Sixty-nine percent of these participants identify themselves as “do-it-for-me” investors, compared with 56% of those over the age of 30. They are also more likely to appreciate receiving a notice from their employer if they are not saving enough (62% versus 34%).
The younger group also wants their employer to make their investment decisions (82% versus 73%). In addition, 50% of those under the age of 30 think their employer is obliged to make their investment decisions for them, compared to 22% of those over the age of 30.
Eighty-four percent of the younger workers are in favor of automatic enrollment, compared to 72% of their older colleagues, and 86% like the idea of automatic escalation, compared to 70% of those over 30. They also think that target-date funds are appealing (97% versus 87%) and are open to the idea of re-enrollment (93% versus 79%).
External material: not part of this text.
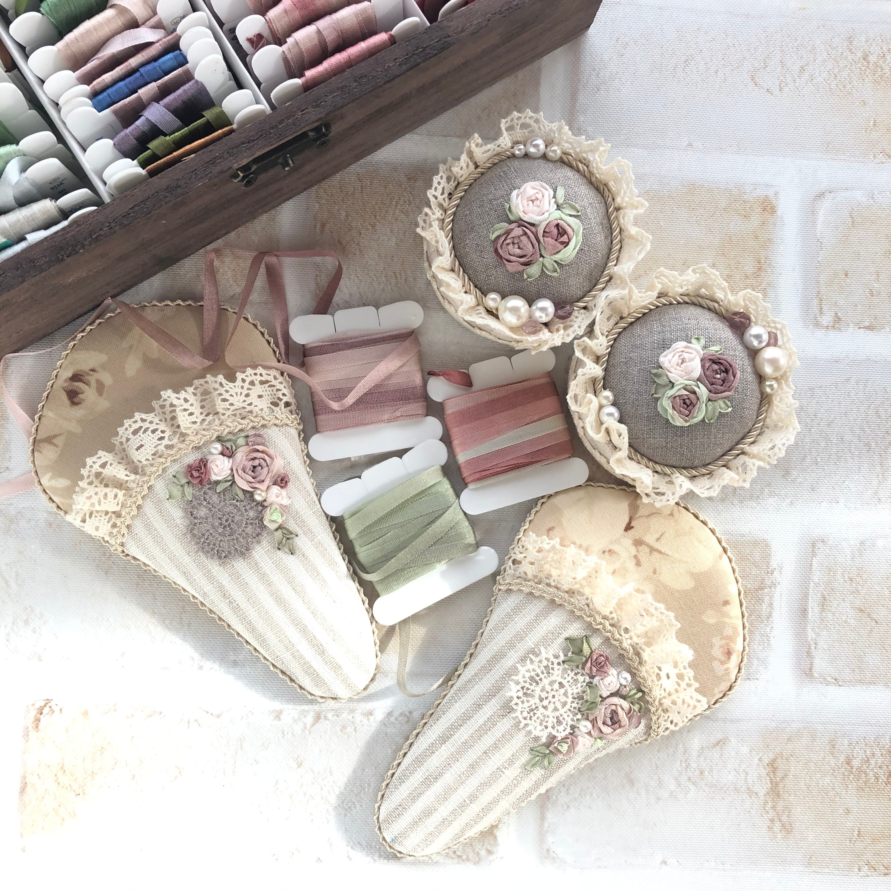 *リボン刺繍用針、刺繍枠、縫い針、縫い糸

“Those under 30 recognize the challenge they face in saving and investing for retirement and appear very receptive to the knowledge, tools and guidance that employers and advisers can provide,” says Catherine Peterson, global head of insights programs at J.P. Morgan. “These findings may help assure plan sponsors that their efforts to strengthen their plans and proactively place employees on a solid path to a secure retirement will likely be met with support among current and future generations of participants.”